The current reforms under the leadership of my right honourable friend Andrew Lansley seek to build on the reforms of the 1990s and the more recent ones of the previous Government and to capture the advantages and discard the disadvantages of both. At the heart of the Health and Social Care Bill lies the increased emphasis on bringing the patient into the decision-making process, and many of the reforms flow from that. Like, I am sure, many speakers today, certainly the lay speakers, I have canvassed the views of a number of general practitioners and consultants. We can of course differ on the overall measure of enthusiasm for the reforms. However, I think it is fair to say that a substantial proportion of general practitioners welcome the proposed changes, while opinion among consultants is more evenly balanced, though here, among the younger age group, the reforms appear to be generally welcomed.
Among the general practitioners there is the age-old agony for the conscientious GP as to how much time he or she will be required to give up for the management of the consortium, at the expense of treating patients. The evidence from the early experiences of the pathfinder consortia shows that many able practitioners have come to terms with this issue and are able to adjust their professional lives around it—and the consortia are at the heart of these reforms. They will take the place of the primary care trusts. What, then, is the difference? The main difference, as I see it, is that the PCTs have seriously little clinical input. This, by contrast, will, I hope, be the strength of the consortia, which will be clinically led. These consortia, to which every general practice will have to belong, will have the resources to back up their constituent practices and will commission secondary care.

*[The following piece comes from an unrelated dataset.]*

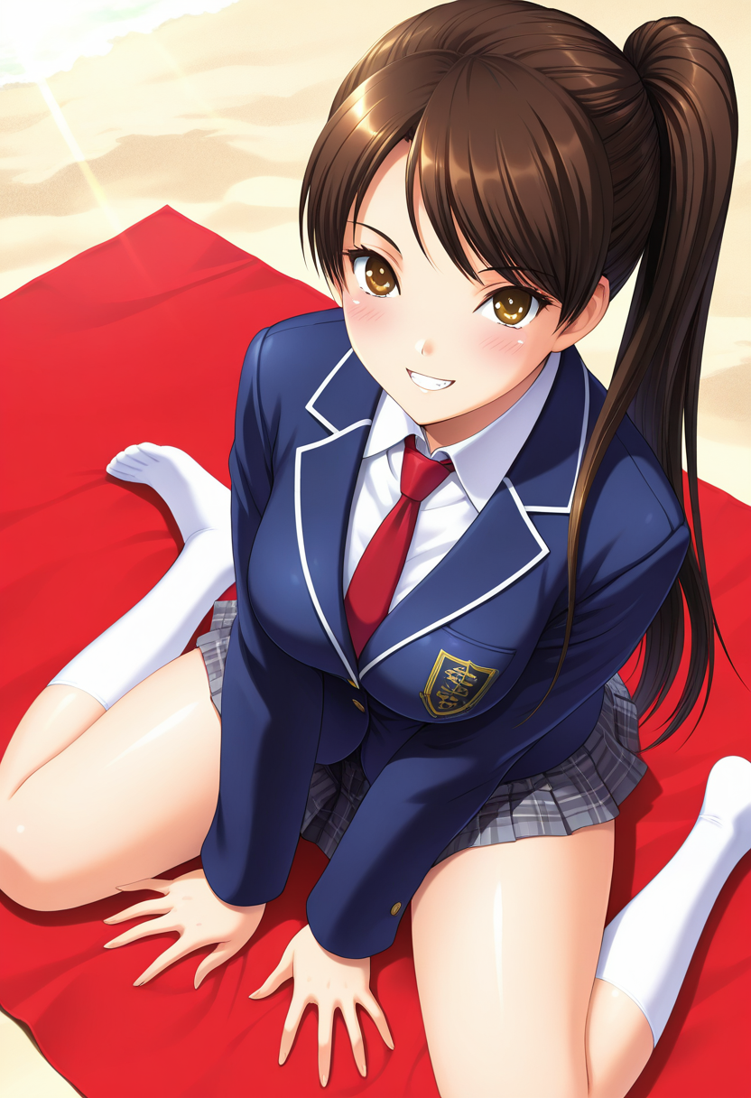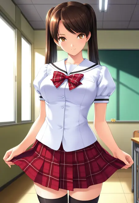 • 学校制服。白いセーラー襟、赤いリボン、チェック柄リボン、白いセーラー服、ふんわりした短い袖、チェック柄スカート、赤いスカート、プリーツスカート、ミニスカート、絶対領域、黒いタイツ、ローファー
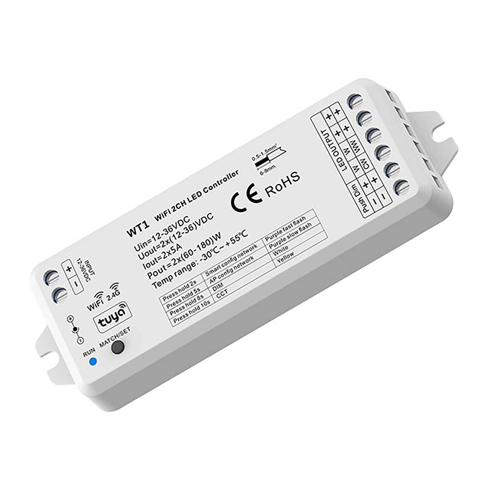 In tutti i Set è inclusa la centralina WiFi: La centralina si alimenta a 12V/24V ed è dotata di 2 canali supporta un carico massimo per canale di 5A (Totale corrente: 10A). Il controller ha una potenza di 60W / 180W (120-360W potenza totale). Dotato di interruttore che consente la sincronizzazione con centraline, telecomandi, router. Segnale d'ingresso: Tuya App+Amazon Echo+RF 2.4G. Inoltre è presente un LED che a seconda del colore indica il tipo di modalità scelta.

The document Liberating the NHS: Legislative Framework and Next Steps is, I suggest, a model of its kind. It is readable, positive and forward-looking. I wish to speak about one of the specific matters mentioned in it—the provision of specialist services. It is known that some disabled charities are concerned that some specialist low-volume and often expensive services which they use will be lost. The paper specifically provides for this by encouraging consortia to work together to share such services, and for these to be commissioned by the NHS Commissioning Board. This is but one example of the many relatively minor issues which have been addressed in the paper and demonstrates the flexibility of the proposed consortia structure.

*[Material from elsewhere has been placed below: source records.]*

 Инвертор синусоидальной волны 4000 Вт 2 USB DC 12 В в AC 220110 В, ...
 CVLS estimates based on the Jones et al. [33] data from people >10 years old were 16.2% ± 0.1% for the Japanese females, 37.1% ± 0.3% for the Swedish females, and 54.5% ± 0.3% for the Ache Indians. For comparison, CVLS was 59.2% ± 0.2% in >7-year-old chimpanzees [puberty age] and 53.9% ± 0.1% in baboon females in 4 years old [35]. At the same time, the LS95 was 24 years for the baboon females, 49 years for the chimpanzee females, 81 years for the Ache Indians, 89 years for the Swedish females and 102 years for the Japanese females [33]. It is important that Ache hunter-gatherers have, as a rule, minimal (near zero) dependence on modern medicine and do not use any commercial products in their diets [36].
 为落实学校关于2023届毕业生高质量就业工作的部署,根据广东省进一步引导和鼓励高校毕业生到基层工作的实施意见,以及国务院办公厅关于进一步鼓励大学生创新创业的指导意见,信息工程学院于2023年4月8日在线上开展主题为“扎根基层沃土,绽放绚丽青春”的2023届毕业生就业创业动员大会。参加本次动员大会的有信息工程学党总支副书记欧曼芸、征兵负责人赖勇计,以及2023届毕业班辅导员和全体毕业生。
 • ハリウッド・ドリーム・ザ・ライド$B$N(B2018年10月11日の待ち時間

Much has been made of pathways in the paper, and these are at the heart of the proposals in the relationship, initially, between the patient and his or her GP. If the patient cannot be treated within the practice, the GP will negotiate with medical colleagues in the consortium, who will in turn negotiate with the provider. Note the clinical input at every stage.
Time does not permit me to make anything but passing reference to the very welcome initiative proposed to combine many of the functions of healthcare and social services under the health and well-being boards. The point that the noble Lord, Lord Turnberg, made about the care of the elderly is crucial to this combination. This is a very important and long overdue development.
I asked a GP who had given me considerable help in preparing for this debate whether there was any point that he would like me to make. He said without hesitation, “The NHS has for far too long tolerated poor performance by general practitioners”. I suggest that this is at the heart of these reforms.